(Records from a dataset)
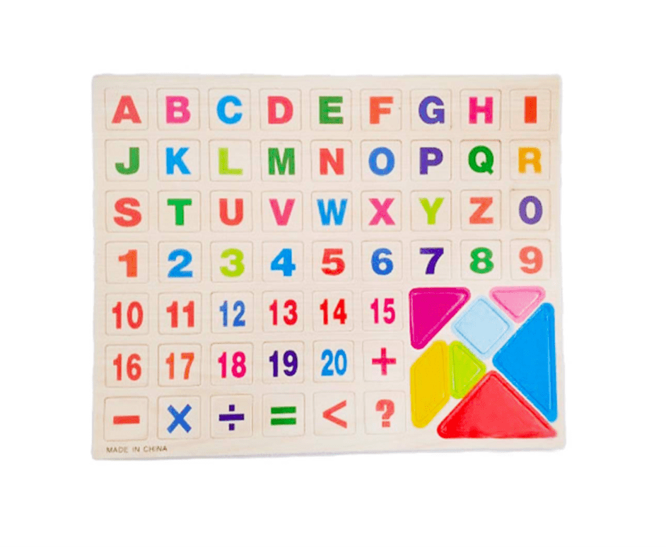 - un set complet de litere, ale alfabetului englezesc, un set de cifre si numere de la 0-20, semne aritmetice pentru operatii de baza si joc Tangram cu 7 piese, toate magnetice.
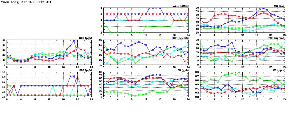 Air Quality Data Time Series in Yuen Long (2021/04/11) | ( Line colors: Day -3 Day -2 Day -1 Current day ) | 2D Map Current AQHI |
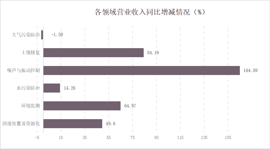 從環(huán)保業(yè)務(wù)營(yíng)業(yè)收入看,噪聲與振動(dòng)控制領(lǐng)域増長(zhǎng)幅度最大,2019年噪聲與振動(dòng)控制領(lǐng)域營(yíng)業(yè)收入為1.0511億元,與2018年相比同比增長(zhǎng)了164.89%,其次是土壤修復(fù)和環(huán)境監(jiān)測(cè)領(lǐng)域,同比增長(zhǎng)了84.19%和64.97%。
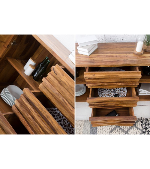 Étant donné qu'il s'agit d'un produit artisanal et naturel, chaque pièce est unique. Des écarts de couleur et de dimension ainsi que des irrégularités peuvent être présents, ajoutant au charme et à l'authenticité de chaque buffet RELIEF. Ce meuble combine esthétique et fonctionnalité, faisant de lui un ajout précieux et accrocheur à votre espace de vie.
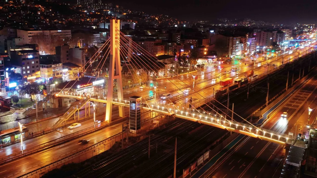 Önemli günlerde renk ve ışık gösterileriyle aydınlatılan üst geçitler bu kez kadına şiddete karşı turuncu ışıkla aydınlatıldı.KOCAELİ (İGFA) - Kocaeli Büyükşehir Belediyesi, tüm dünyada kutlanan “25 Kasım Kadına Şiddete Karşı Mücadele ve Uluslararası Dayanışma Günü’ne” şehrin sembol yapılarından olan üst geçitleri turuncu renkle aydınlatarak destek verdi.
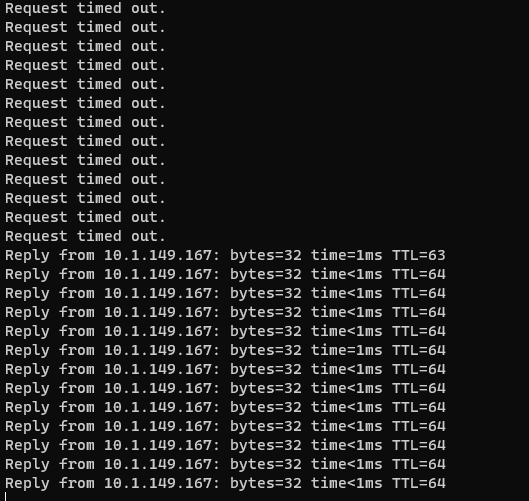 Now, I simulated a failure of the Proxmox host by disconnecting the network connection. The pings to the VM start timing out.
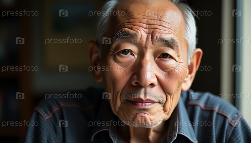 Пожилой китайский мужчина сидит вдумчиво, демонстрируя глубокие линии мудрости и опыта
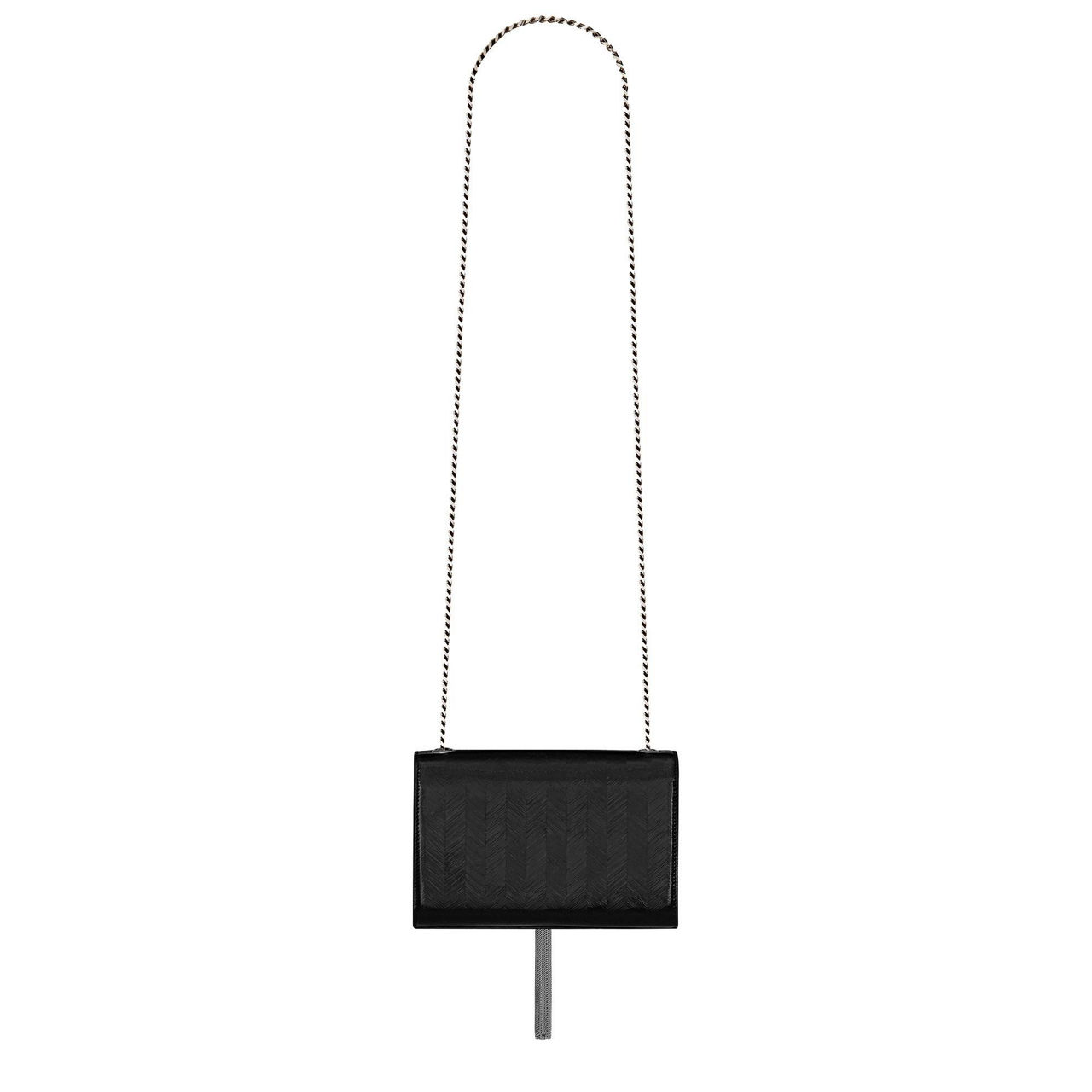 Add a polished finish to outfits with Saint Laurent's Kate Tassel Shoulder Bag. Working a smooth grain de poudre shell and structured silhouette, it is elegantly finished with the brand's interlocking YSL initials and a silver tone tassel charm to the flap closure. Effortlessly understated, its chain strap lends itself to multiple styling options.
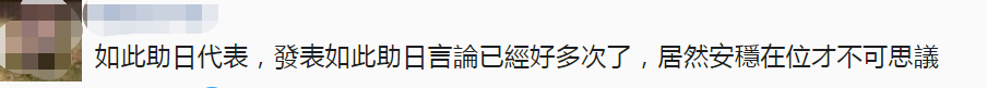 還有網友質疑,如此“助日代表”,發表如此助日言論已經好多次了,居然安穩在位才不可思議。↓
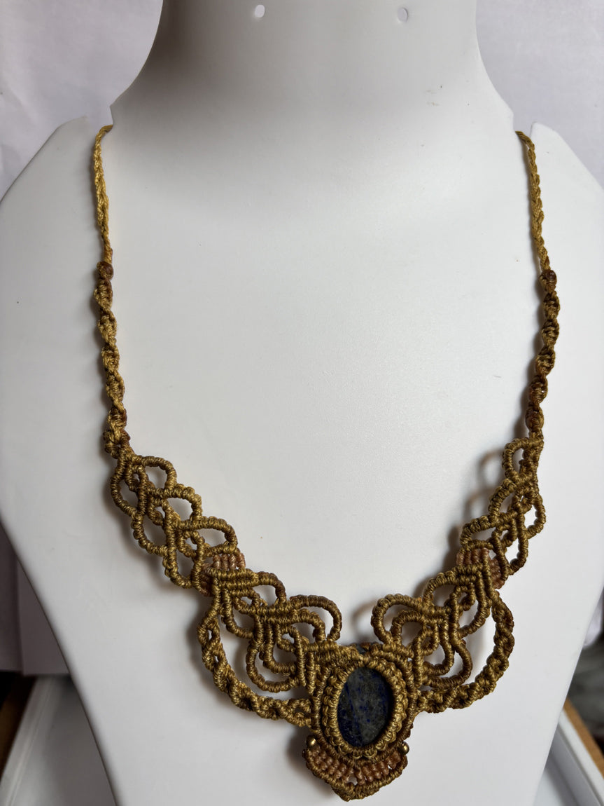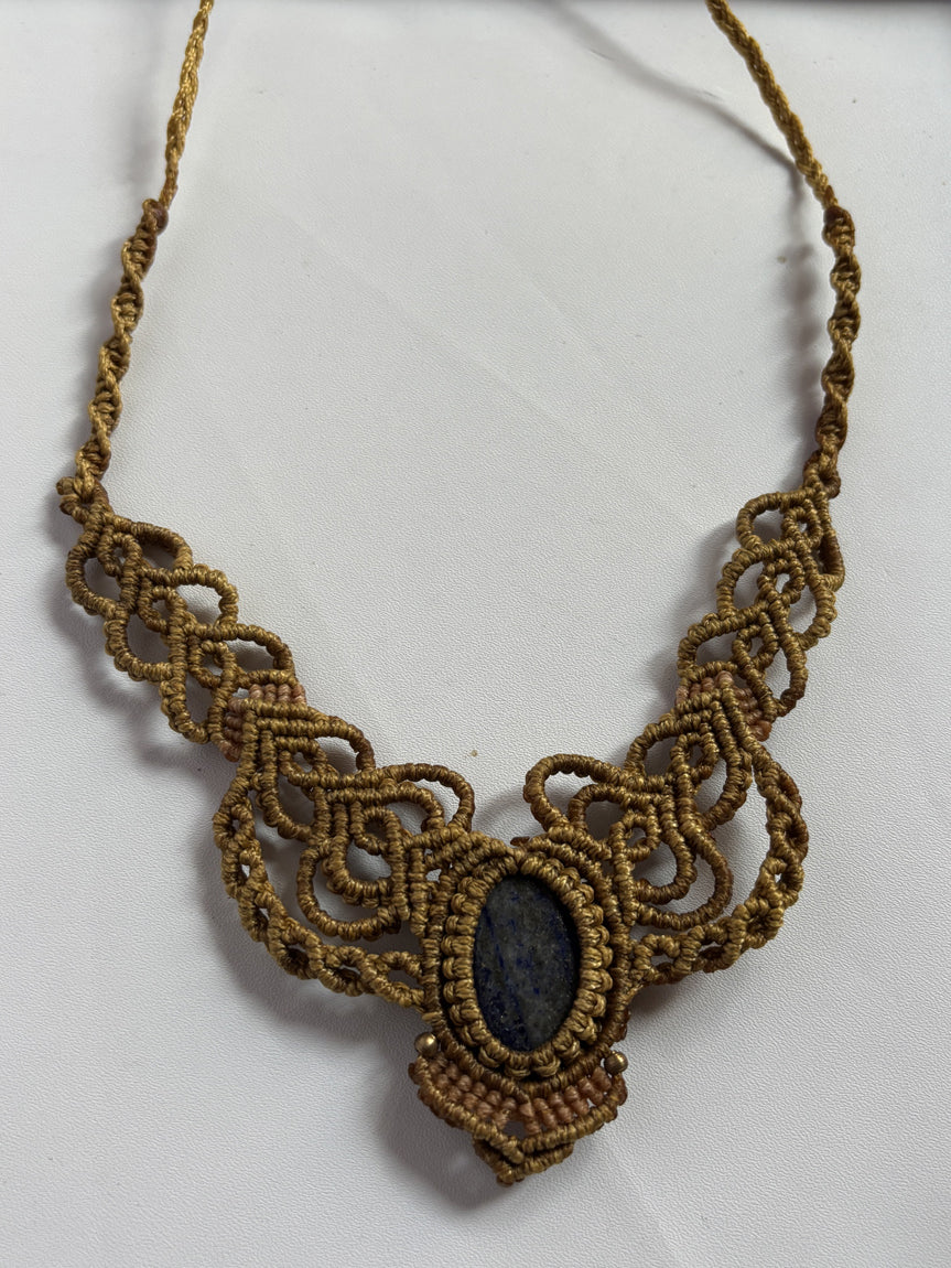 Handmade Macrame Necklace Stone Size 25To30MM Oval Shape Lapis Lazuli Gemstone Green Color Threads Necklace For Women And Girl's Jewelry

- **What is required**: Skip every picture, and restate word for word only the lines above from the line containing "從環(huán)保業(yè)" to the line containing "Étant donné qu'il", both of them included.

- **Answer box**:
 從環(huán)保業(yè)務(wù)營(yíng)業(yè)收入看,噪聲與振動(dòng)控制領(lǐng)域増長(zhǎng)幅度最大,2019年噪聲與振動(dòng)控制領(lǐng)域營(yíng)業(yè)收入為1.0511億元,與2018年相比同比增長(zhǎng)了164.89%,其次是土壤修復(fù)和環(huán)境監(jiān)測(cè)領(lǐng)域,同比增長(zhǎng)了84.19%和64.97%。
 Étant donné qu'il s'agit d'un produit artisanal et naturel, chaque pièce est unique. Des écarts de couleur et de dimension ainsi que des irrégularités peuvent être présents, ajoutant au charme et à l'authenticité de chaque buffet RELIEF. Ce meuble combine esthétique et fonctionnalité, faisant de lui un ajout précieux et accrocheur à votre espace de vie.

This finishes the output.